Corporate Social Investment

IDC's R5.6m boost for future scientists from disadvantaged schools

handover1 300Acting Divisional Executive: Corporate Affairs, Shakeel Meer, handing over a cheque for R5.6-million to Wits University Vice-Chancellor Adam Habib at the university's Braamfontein campus on Wednesday, 15 April.April 2015

A R5.6-million donation will enable 50 talented learners from IDC-adopted schools to acquire the savvy and skills they will need to succeed in science, technology and engineering at university level

The Industrial Development Corporation (IDC) has donated R5.6-million to Wits University's Targeting Talent Programme, which provides vital pre-university enrichment support to enable talented learners from underprivileged schools to study science, technology and engineering at university level.

The funding will enable 50 academically talented learners, selected from the IDC's 20 adopted schools countrywide, to embark on a three-year programme designed to help them overcome the disadvantages of their background in order to realise their full academic potential.

The programme provides both the learners and their teachers with supplementation and enrichment programmes. The programme also includes workshops for the learners’ families to provide crucial information in order for them to give the necessary support.

The IDC's Divisional Executive: Chemicals and Textiles Industries and acting Divisional Executive: Corporate Affairs, Shakeel Meer, handed a cheque for R5.6-million to Wits University Vice-Chancellor Adam Habib at the university's Braamfontein campus on Wednesday, 15 April.

'We need the right skills to build these industries'

handover2 300Speaking at the handing over, Meer said the Targeting Talent Programme played a crucial role in nurturing urgently needed skills in science, engineering and technology in South Africa.

"We need people with the right skills and education to build our industries," he said, adding that the IDC was working with a number of technical colleges in the country to provide assistance with practical training for students.

The programme would also help to overcome historical imbalances in the country, Meer said. "We want to assist learners from underprivileged backgrounds, and that is why I think it is appropriate to keep supporting this programme."

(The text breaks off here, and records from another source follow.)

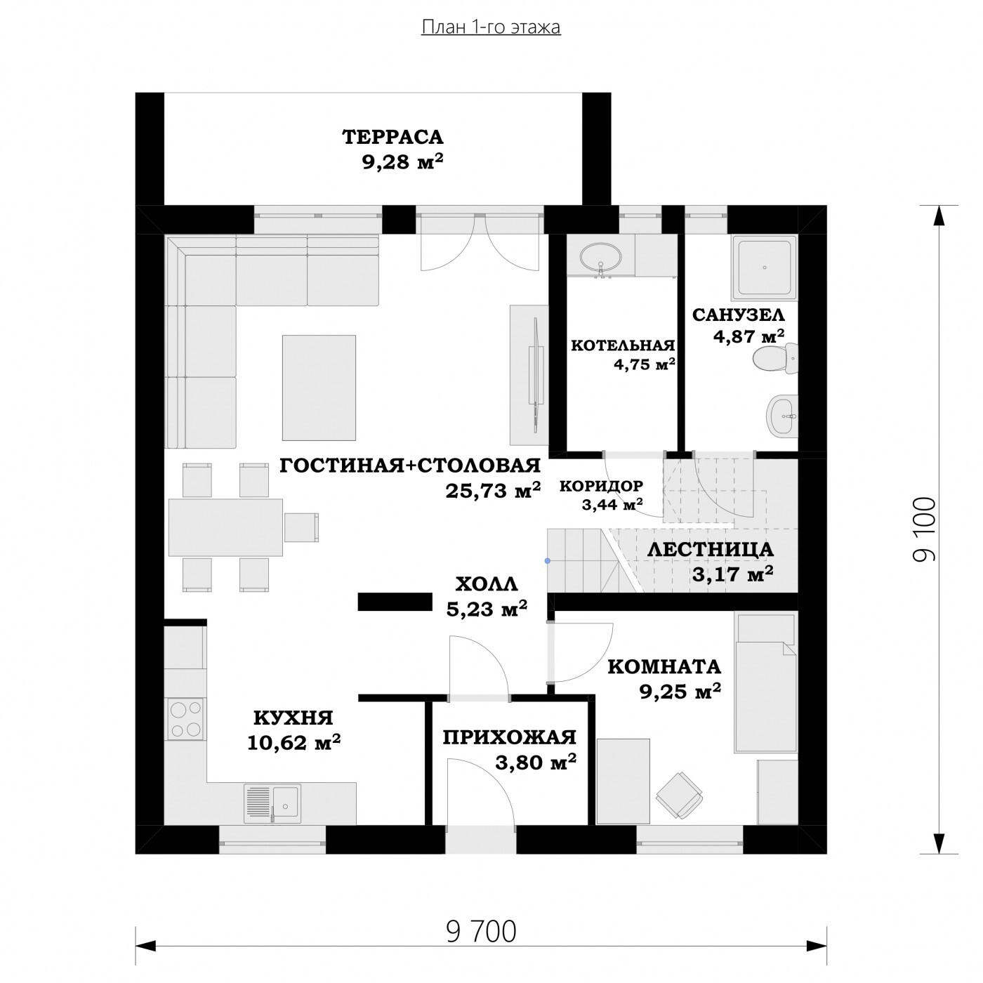 Дом 9х9 "Алаво" - проект одноэтажного дома с мансардой, для семьи из 4-5 человек. Это предложение дома с часто ищущейся площадью около 110 м2. Как и другие проекты этой серии, дом "Алаво" был разработан с разделением на две полезные зоны, обычно доступные на первом этаже, и частную на чердаке. На первом этаже у нас есть прихожая со встроенным шкафом, прихожая, кухня с кладовой, гостиная со столовой и камином, а также комната, расположенная в передней части дома для использования в качестве кабинета. У лестницы, ведущей на чердак, была котельная с прачечной и удобная ванная комната. На чердаке у нас есть три благоустроенных комнаты, каждая с собственным балконом. Здесь также был спроектирован небольшой чердак с возможностью использования в качестве гардероба и полностью доступной ванной комнаты с доступом к нему. Чердак спроектирован под двускатной крышей, спроектированной на традиционной ферме, основанной на локтевой стене высотой около 1 метра. План дома является идеальным предложением для энергоэффективного дома, дешевого в строительстве и использовании. Большим преимуществом дизайна является простой дизайн дома и хорошо продуманная функция.
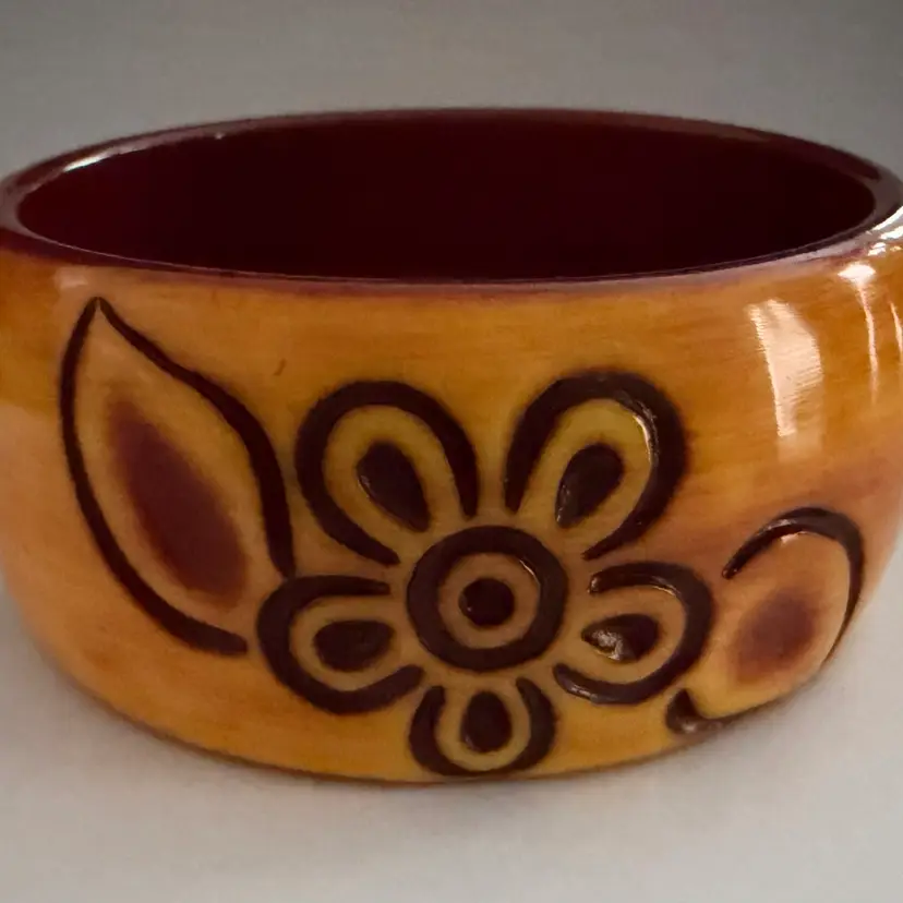 Vintage Carved Flower Bangle 2 3/4” (no seam)
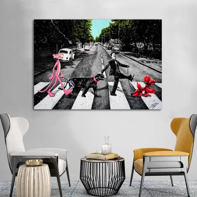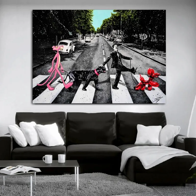 Плакаты с изображением розовой Пантеры, черно-белых собак, прогулок по дороге, граффити, уличная живопись, настенные картины для декора гостиной
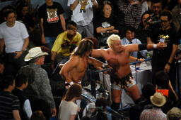 ハンセンの間近で乱闘、真壁は棚橋を鉄柱にぶつける(左写真)。
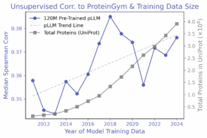 To explore whether more data has actually led to better pLMs, we turned to a new resource uniquely suited for isolating the effects of training data scale: the AMPLIFY suite of pLMs (Fournier et al., 2024). Each AMPLIFY model was trained on a cumulative yearly snapshot of UniRef100 (2011 -> 2024) using the same architecture and training setup. By holding everything else constant, the changes in performance can be directly evaluated in terms of data quantity and composition.
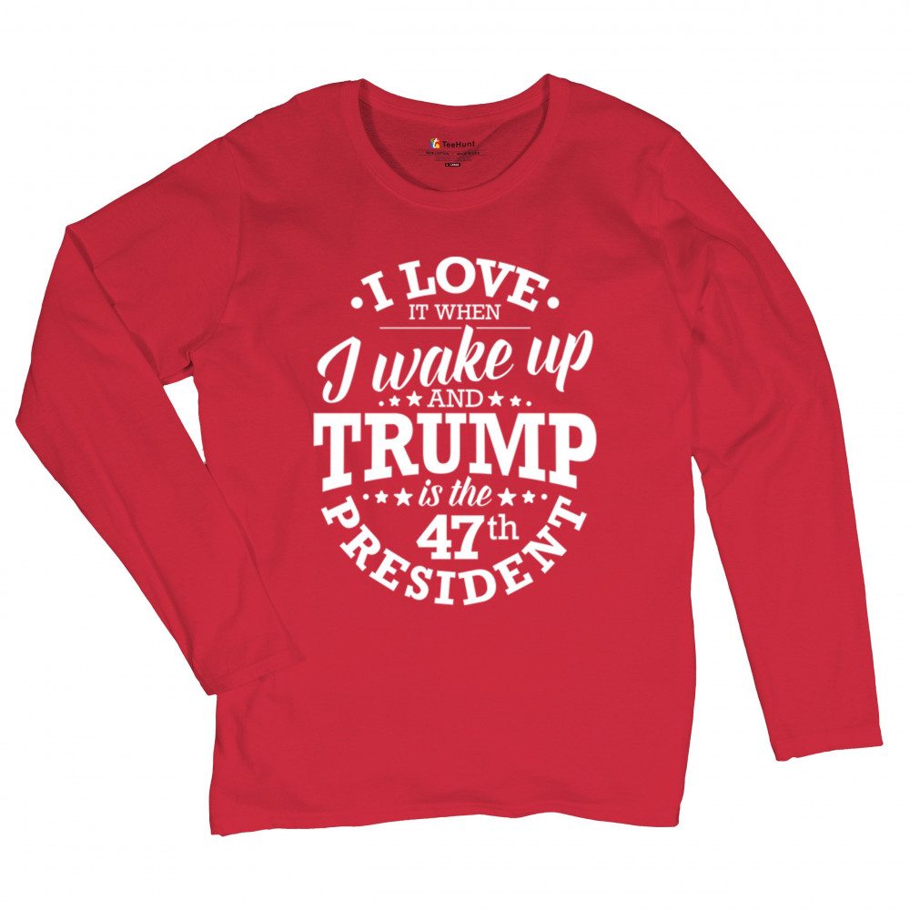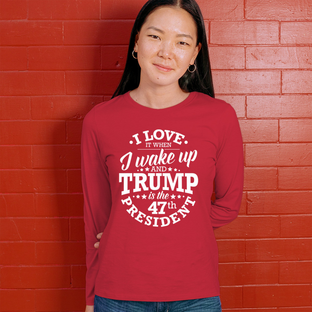 This "I Love It When I Wake Up and Trump is the 47th President" design is the ultimate expression of support for Donald J. Trump and his vision for America. Join the ranks of proud conservatives, Republicans, and America First advocates who are excited about the 47th President’s leadership. Celebrate the Red Wave and stay true to the values of freedom and strength that Trump embodies. Perfect for rallies, gatherings, and everyday patriotic wear.
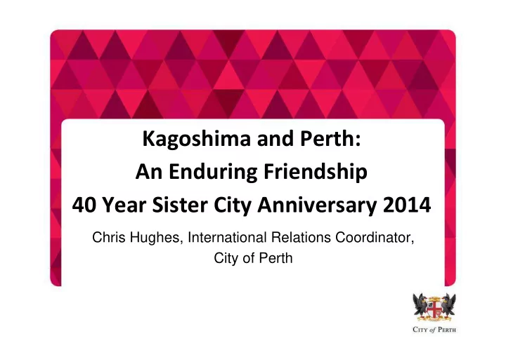 Kagoshima and Perth: An Enduring Friendship 40 Year Sister City Anniversary 2014 Chris Hughes, International Relations Coordinator, City of Perth
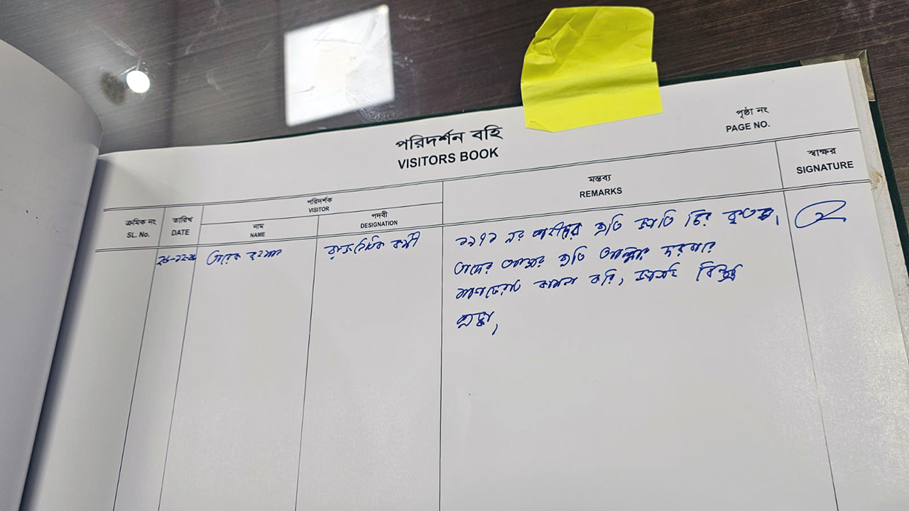 এ সময় তারেক রহমান পরিদর্শন বইয়ের তারিখের স্থানে বাংলায় ২৬-১২-২০২৫ এবং নামের স্থানে তারেক রহমান লিখেছেন। এ ছাড়া, পদবীর ঘরে তিনি 'রাজনৈতিক কর্মী' লিখেছেন। এরপর মন্তব্যের ঘরে তিনি লিখেছেন, ১৯৭১-এর শহীদের প্রতি জাতি চির কৃতজ্ঞ। তাদের আত্মার প্রতি আল্লাহর দরবারে মাগফেরাত কামনা করি। জানাই বিনম্র শ্রদ্ধা'। পরে স্বাক্ষর করেন তিনি।
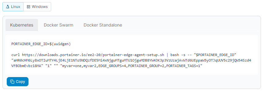 This section allows you to create customized scripts to quickly onboard a number of Edge Agents automatically. Your selections will update the script provided at the bottom of the page which you can then run on your remote environments.
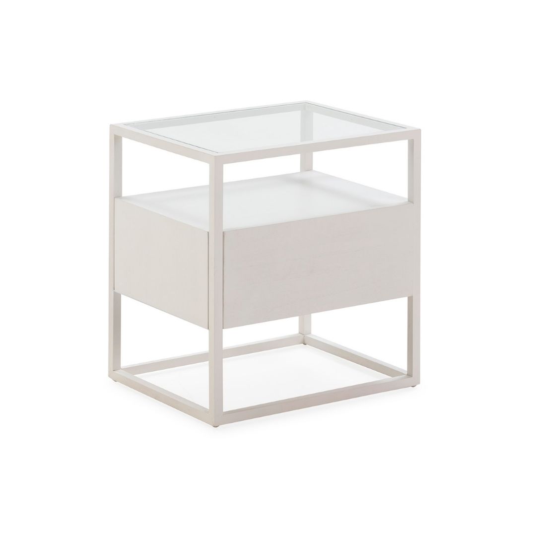 • × Ξύλινο κομοδίνο με γυάλινη επιφάνεια σε λευκό χρώμα
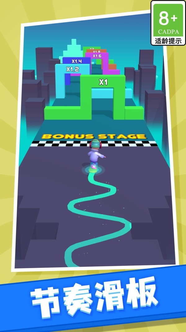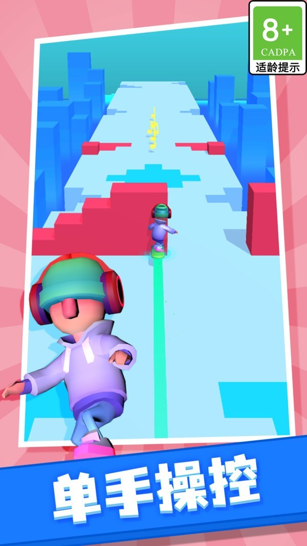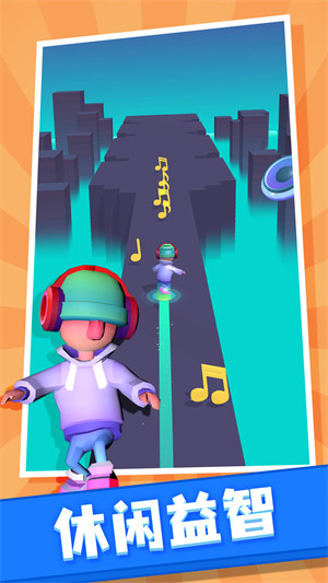 3、持续把握音乐节奏完成所有赛道挑战,积累积分解锁新关卡、新角色与酷炫滑板,不断刷新闯关成绩,感受竞速与音乐结合的极致乐趣。

The IDC first gave its backing to the programme in 2011, sponsoring a group of 21 promising learners from rural Limpopo province to take part in the three-year programme. All 21 learners successfully graduated from the programme in 2013, and 18 of them went on to study at university or technical college level.

Bridging the boundaries between past and the future

Professor Habib said he was thrilled that the IDC and Wits were advancing their partnership on an initiative that was bridging the boundaries between the past and future South Africa.

"This is a fantastic partnership that will create human resources that are relevant to the country’s development," Habib said. "This initiative creates hope in our ability to transform our society."

Zena Richards, director of the university's Student Equity and Talent Management unit, said that the programme worked by exposing underprivileged learners to the social capital required for success, while teaching them different kinds of skills for critical thinking and engagement.

"The biggest challenge is to sustain the funding for this type of programme, so that the lessons we have learnt and the products we have developed are sustained.," Richards said.

The Targeting Talent Programme was launched in 2007 in partnership with the Goldman Sachs Foundation and the Telkom Foundation. The majority of the 1 163 learners who have since graduated from the programme are currently studying at various universities in faculties of science, engineering and built environment, and commerce, law and management.